▸ TASK ITEM:
In the records below, reproduce exactly the lines from the one containing "HORARIOS DE LOS" through the one containing "Крупный пожар почти", both included, and omit the pictures.

▸ DATA LISTING:

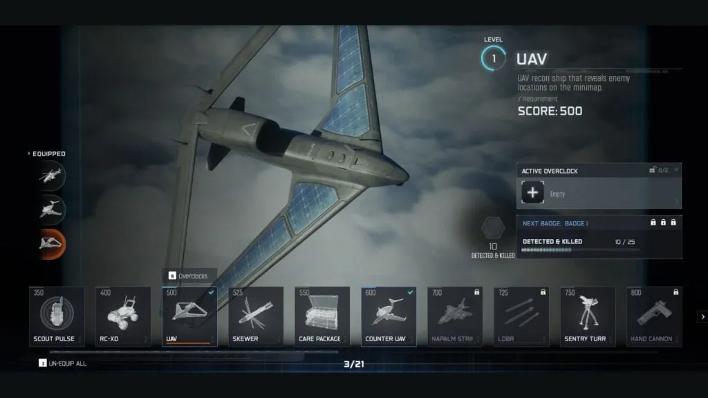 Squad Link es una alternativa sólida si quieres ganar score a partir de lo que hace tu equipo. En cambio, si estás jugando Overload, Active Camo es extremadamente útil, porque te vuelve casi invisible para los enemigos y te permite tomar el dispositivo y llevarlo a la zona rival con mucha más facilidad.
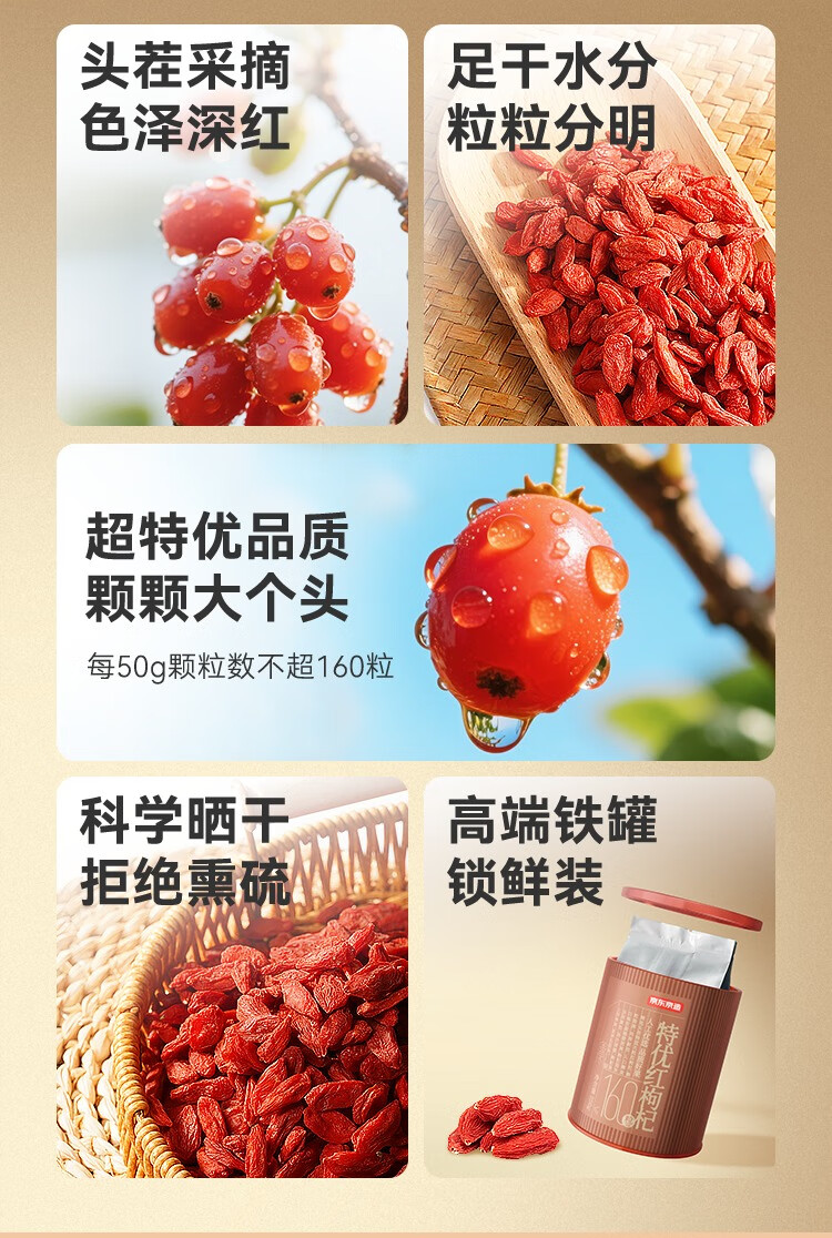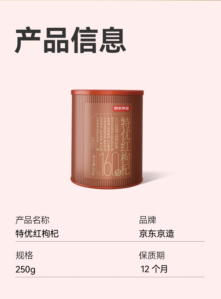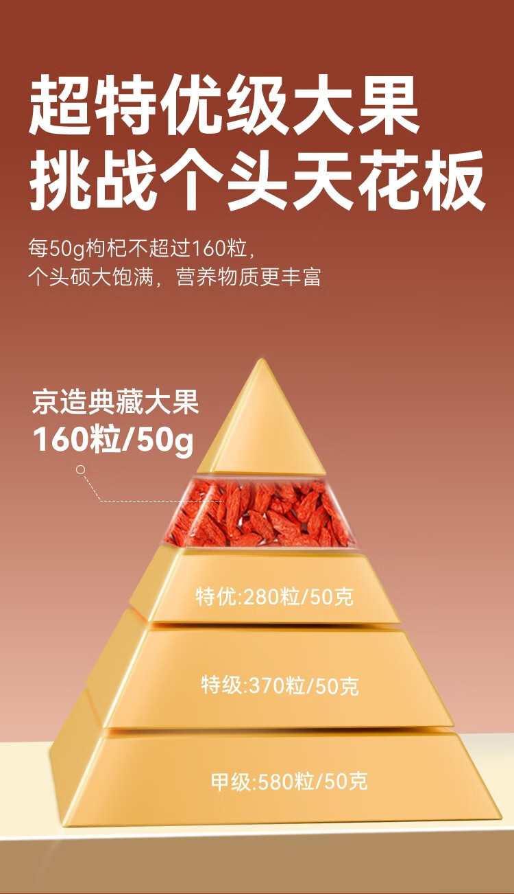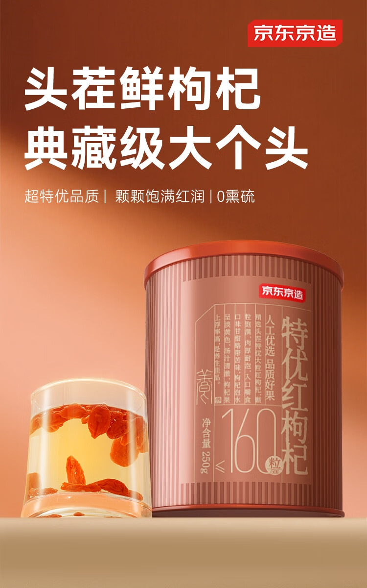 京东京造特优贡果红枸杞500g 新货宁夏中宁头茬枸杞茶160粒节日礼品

...

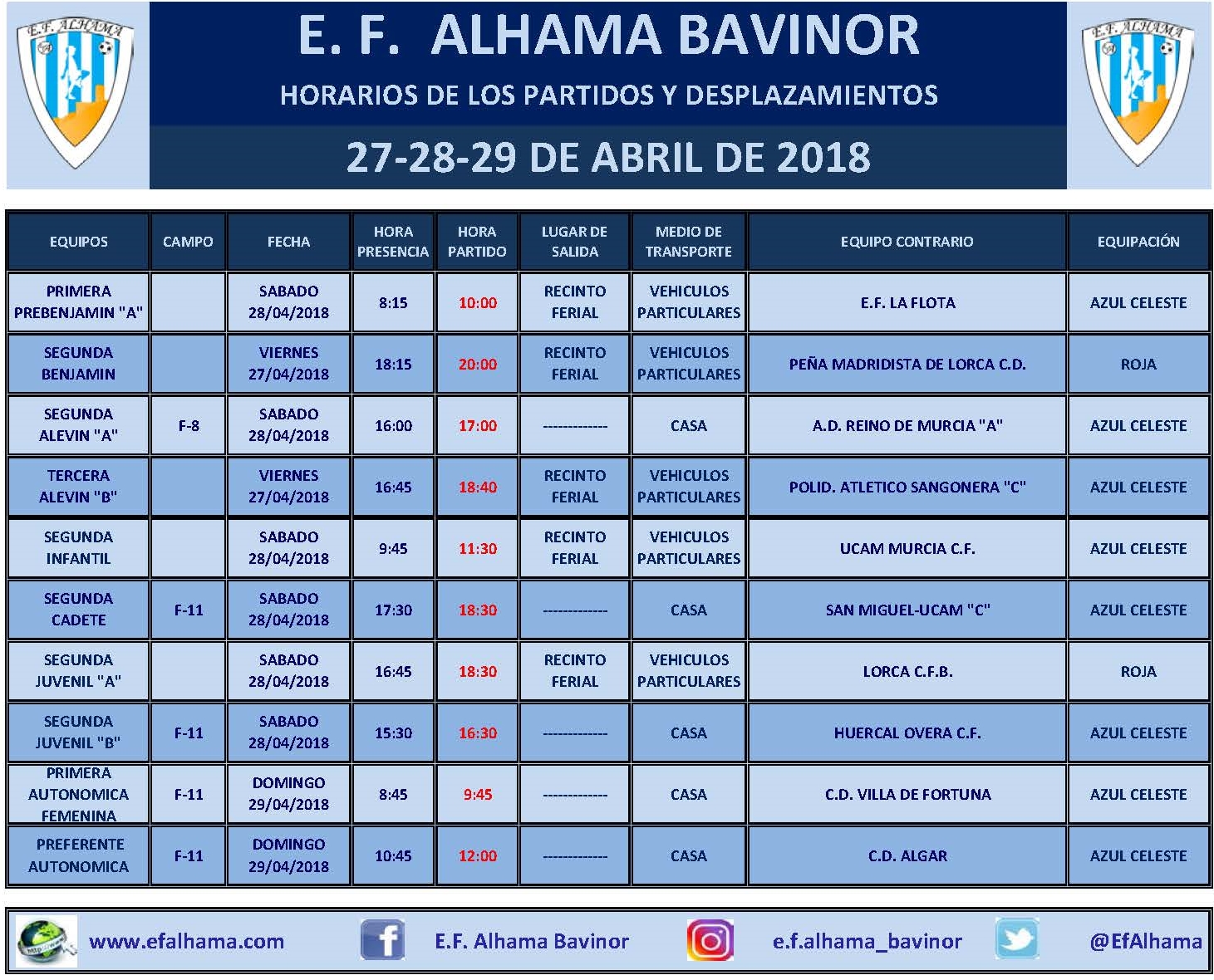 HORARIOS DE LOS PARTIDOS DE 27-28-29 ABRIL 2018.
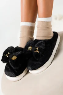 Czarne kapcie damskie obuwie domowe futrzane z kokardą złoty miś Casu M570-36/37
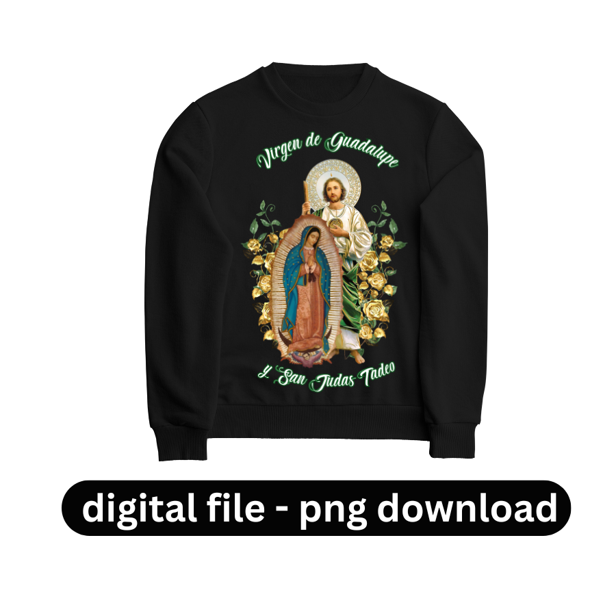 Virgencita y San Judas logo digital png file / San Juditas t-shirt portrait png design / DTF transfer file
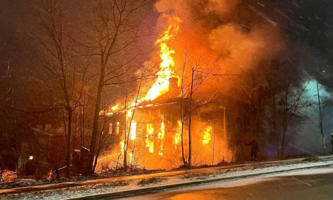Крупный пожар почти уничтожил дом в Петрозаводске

▸ ANSWER:
 HORARIOS DE LOS PARTIDOS DE 27-28-29 ABRIL 2018.
 Czarne kapcie damskie obuwie domowe futrzane z kokardą złoty miś Casu M570-36/37
 Virgencita y San Judas logo digital png file / San Juditas t-shirt portrait png design / DTF transfer file
Крупный пожар почти уничтожил дом в Петрозаводске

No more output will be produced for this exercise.